» **WHAT YOU SHOULD DO**: Please return only the lines from the one holding "Эффект: тонкий стальной" through the one holding "WOSAWE Велоспорт Bib", exactly as they appear in the records below, both ends included.

» **AVAILABLE RECORDS**:
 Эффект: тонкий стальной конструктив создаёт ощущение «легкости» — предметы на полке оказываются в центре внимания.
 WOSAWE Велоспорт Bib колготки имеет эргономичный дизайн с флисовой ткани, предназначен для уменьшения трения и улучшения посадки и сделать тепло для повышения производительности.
==
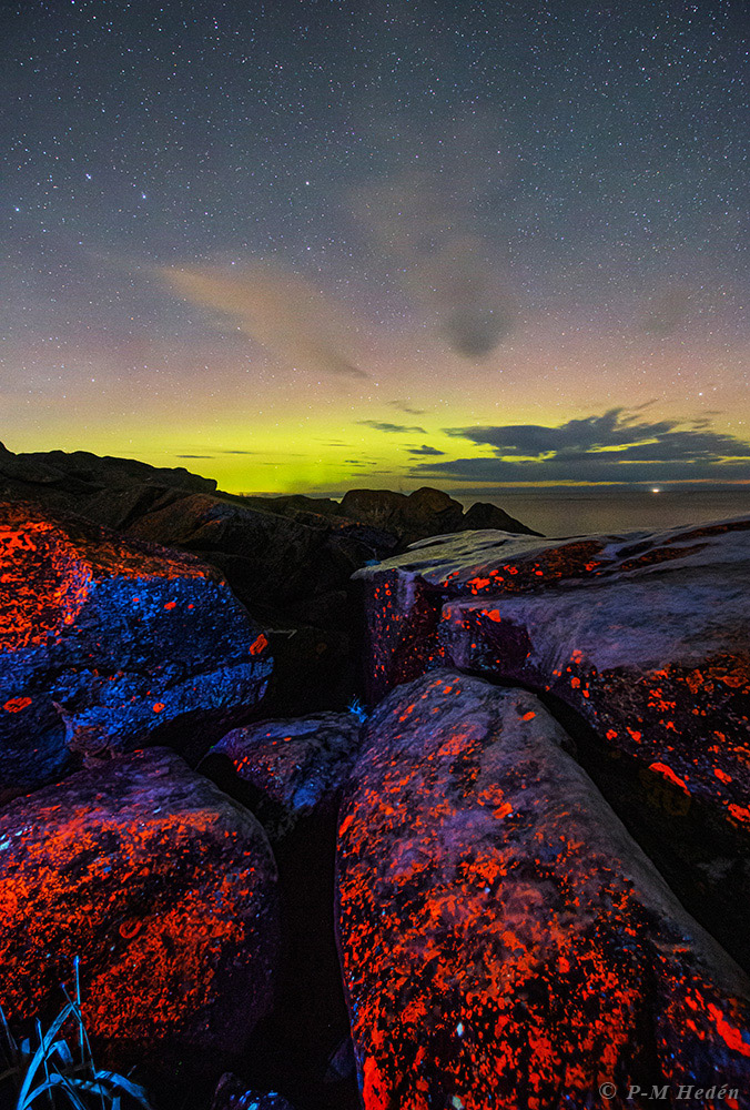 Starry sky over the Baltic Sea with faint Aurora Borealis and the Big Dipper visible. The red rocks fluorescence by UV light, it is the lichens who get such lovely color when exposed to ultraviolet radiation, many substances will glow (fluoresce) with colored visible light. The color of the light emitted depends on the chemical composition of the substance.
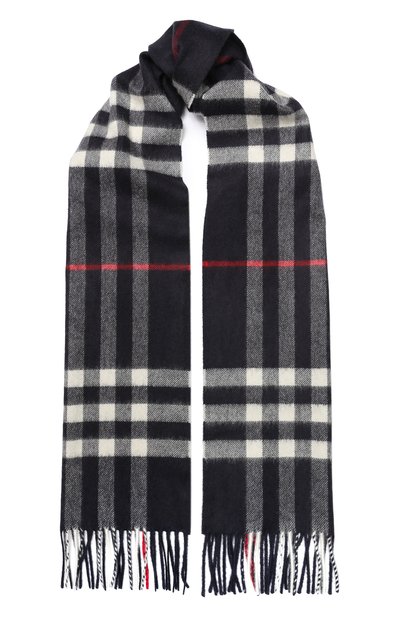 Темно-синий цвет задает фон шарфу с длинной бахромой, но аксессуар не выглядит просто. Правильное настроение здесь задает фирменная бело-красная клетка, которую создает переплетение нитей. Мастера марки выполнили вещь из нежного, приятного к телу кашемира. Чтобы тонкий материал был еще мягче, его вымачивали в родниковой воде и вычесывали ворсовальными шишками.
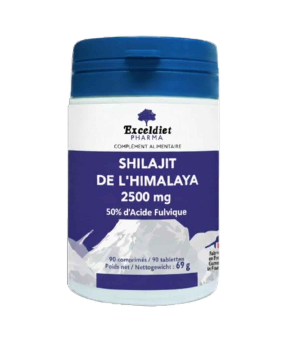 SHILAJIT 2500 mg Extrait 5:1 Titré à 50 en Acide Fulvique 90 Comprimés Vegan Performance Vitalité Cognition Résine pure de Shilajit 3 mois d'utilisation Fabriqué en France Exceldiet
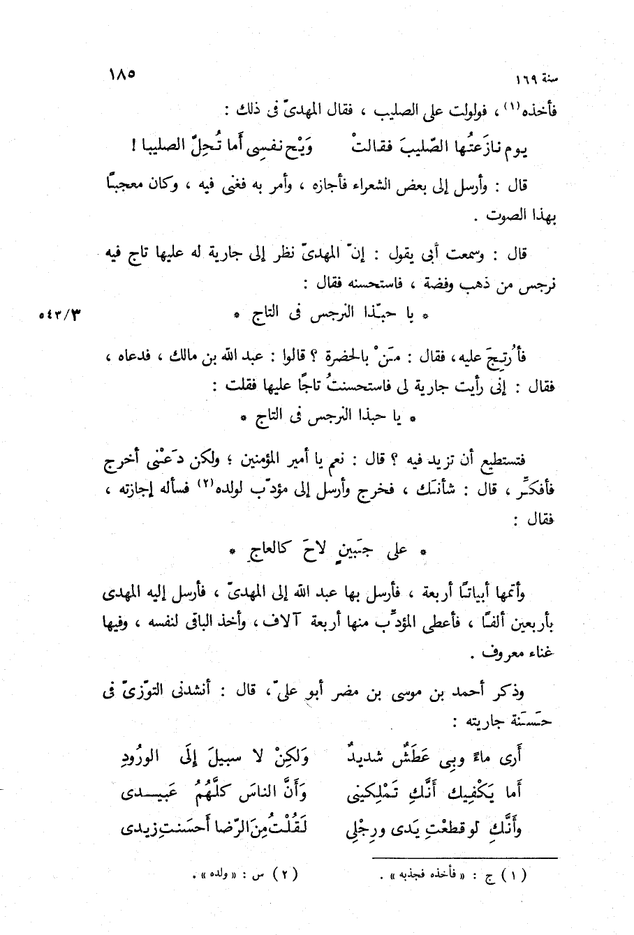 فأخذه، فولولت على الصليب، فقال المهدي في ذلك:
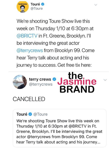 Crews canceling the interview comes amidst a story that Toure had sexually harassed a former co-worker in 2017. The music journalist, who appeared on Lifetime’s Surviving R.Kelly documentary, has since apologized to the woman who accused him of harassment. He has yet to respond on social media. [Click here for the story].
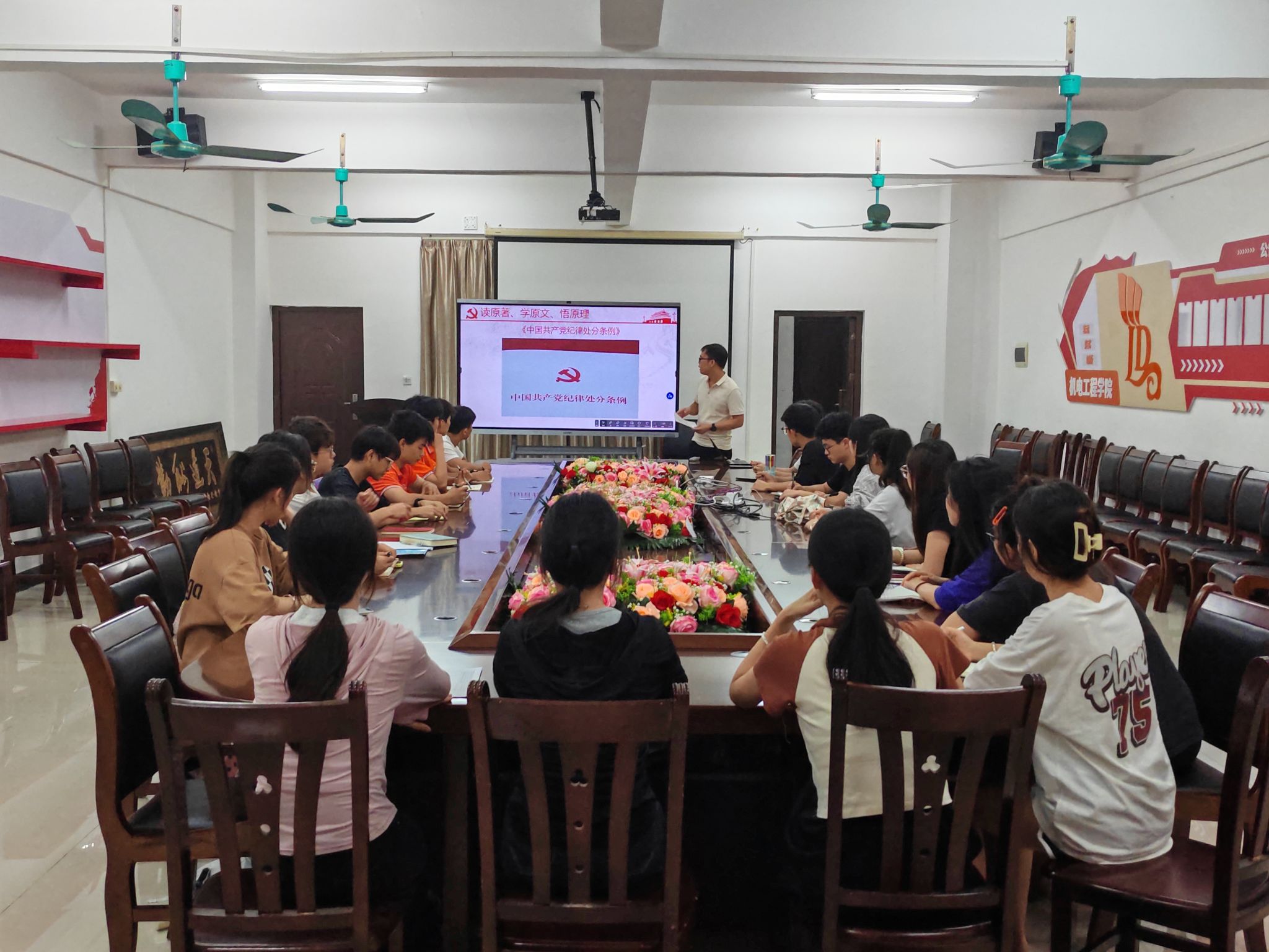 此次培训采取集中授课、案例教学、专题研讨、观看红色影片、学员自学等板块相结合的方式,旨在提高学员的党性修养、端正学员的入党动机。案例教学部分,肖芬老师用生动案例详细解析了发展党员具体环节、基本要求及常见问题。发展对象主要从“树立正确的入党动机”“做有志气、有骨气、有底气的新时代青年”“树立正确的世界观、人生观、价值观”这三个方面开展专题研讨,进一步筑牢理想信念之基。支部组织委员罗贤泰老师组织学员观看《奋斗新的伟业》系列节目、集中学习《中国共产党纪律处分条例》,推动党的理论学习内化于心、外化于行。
--
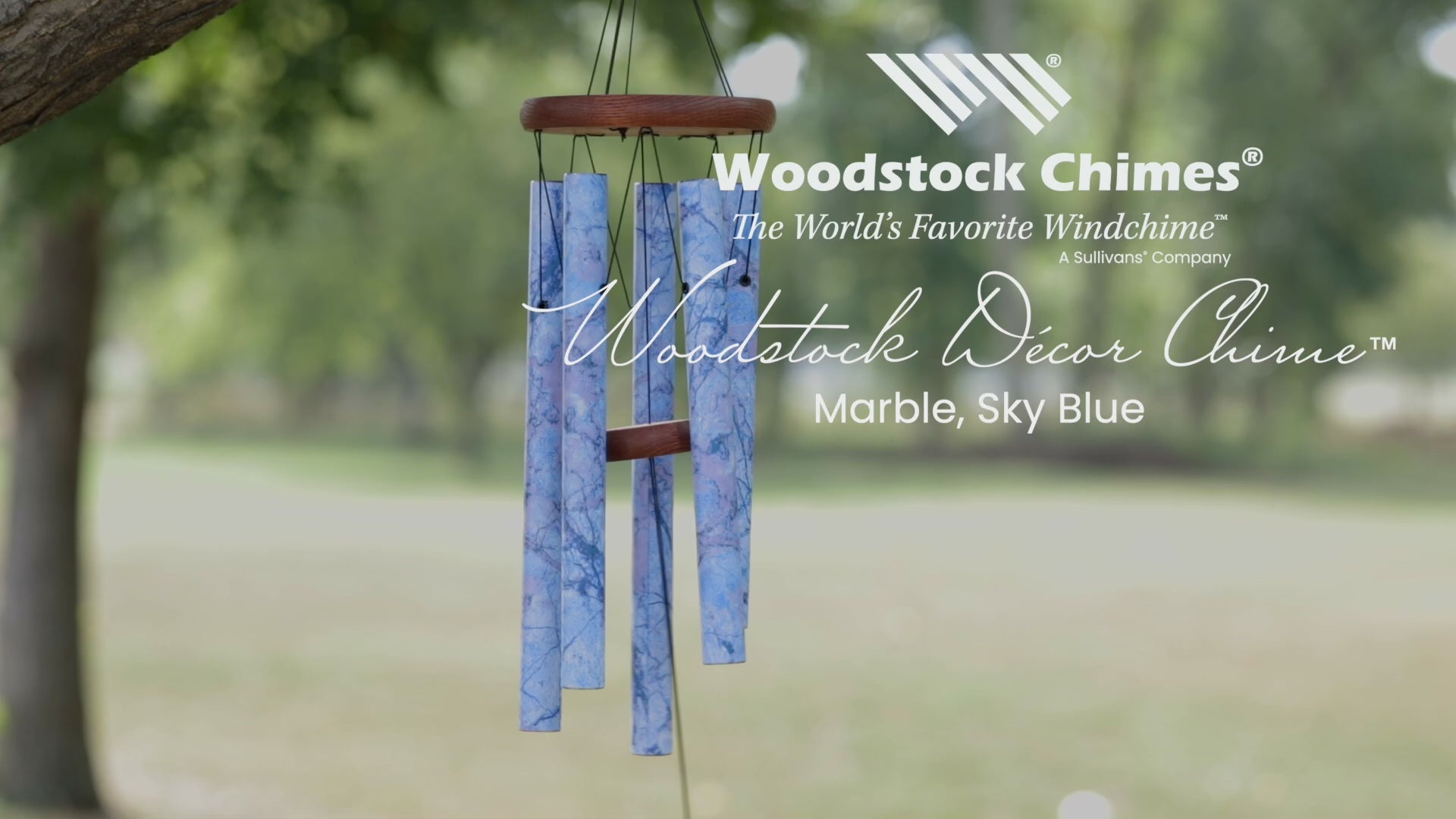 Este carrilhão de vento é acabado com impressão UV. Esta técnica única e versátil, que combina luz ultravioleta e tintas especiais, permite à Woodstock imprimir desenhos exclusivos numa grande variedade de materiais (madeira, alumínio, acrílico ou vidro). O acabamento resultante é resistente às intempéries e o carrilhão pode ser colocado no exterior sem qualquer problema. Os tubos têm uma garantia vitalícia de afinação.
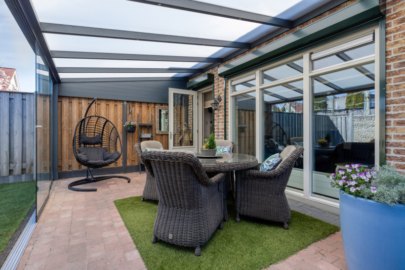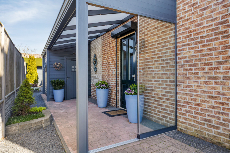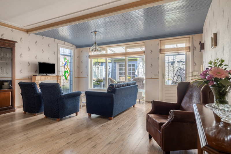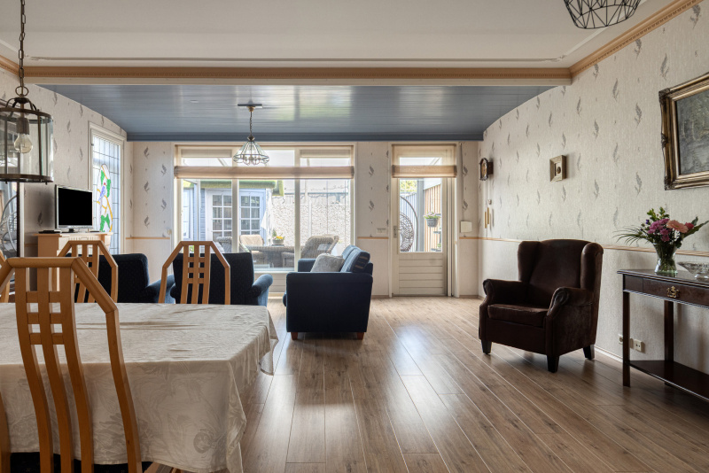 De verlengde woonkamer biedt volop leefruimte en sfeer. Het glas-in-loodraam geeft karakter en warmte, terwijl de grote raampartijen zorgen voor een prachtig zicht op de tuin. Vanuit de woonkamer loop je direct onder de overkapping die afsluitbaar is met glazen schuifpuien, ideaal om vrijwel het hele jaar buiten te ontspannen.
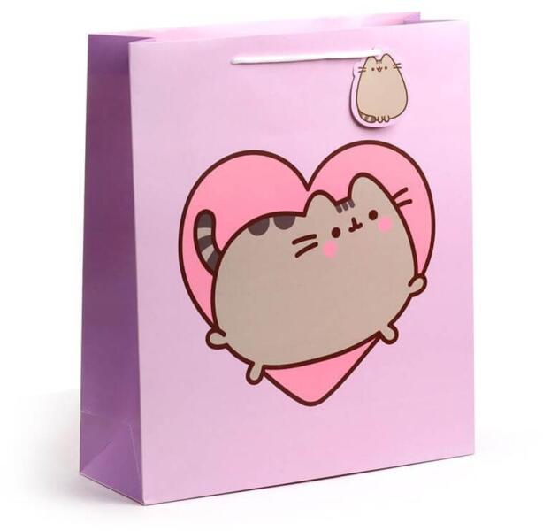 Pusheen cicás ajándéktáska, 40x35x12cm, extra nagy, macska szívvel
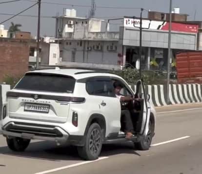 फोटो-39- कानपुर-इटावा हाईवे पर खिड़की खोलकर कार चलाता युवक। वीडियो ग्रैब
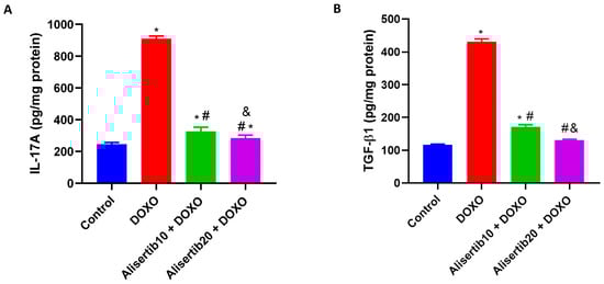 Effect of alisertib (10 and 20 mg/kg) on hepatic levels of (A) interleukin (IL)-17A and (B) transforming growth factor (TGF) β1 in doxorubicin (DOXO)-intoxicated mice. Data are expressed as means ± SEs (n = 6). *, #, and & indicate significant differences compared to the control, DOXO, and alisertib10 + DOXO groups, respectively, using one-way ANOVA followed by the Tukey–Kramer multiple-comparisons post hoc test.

» **RESULT OF THIS TASK**:
 Эффект: тонкий стальной конструктив создаёт ощущение «легкости» — предметы на полке оказываются в центре внимания.
 WOSAWE Велоспорт Bib колготки имеет эргономичный дизайн с флисовой ткани, предназначен для уменьшения трения и улучшения посадки и сделать тепло для повышения производительности.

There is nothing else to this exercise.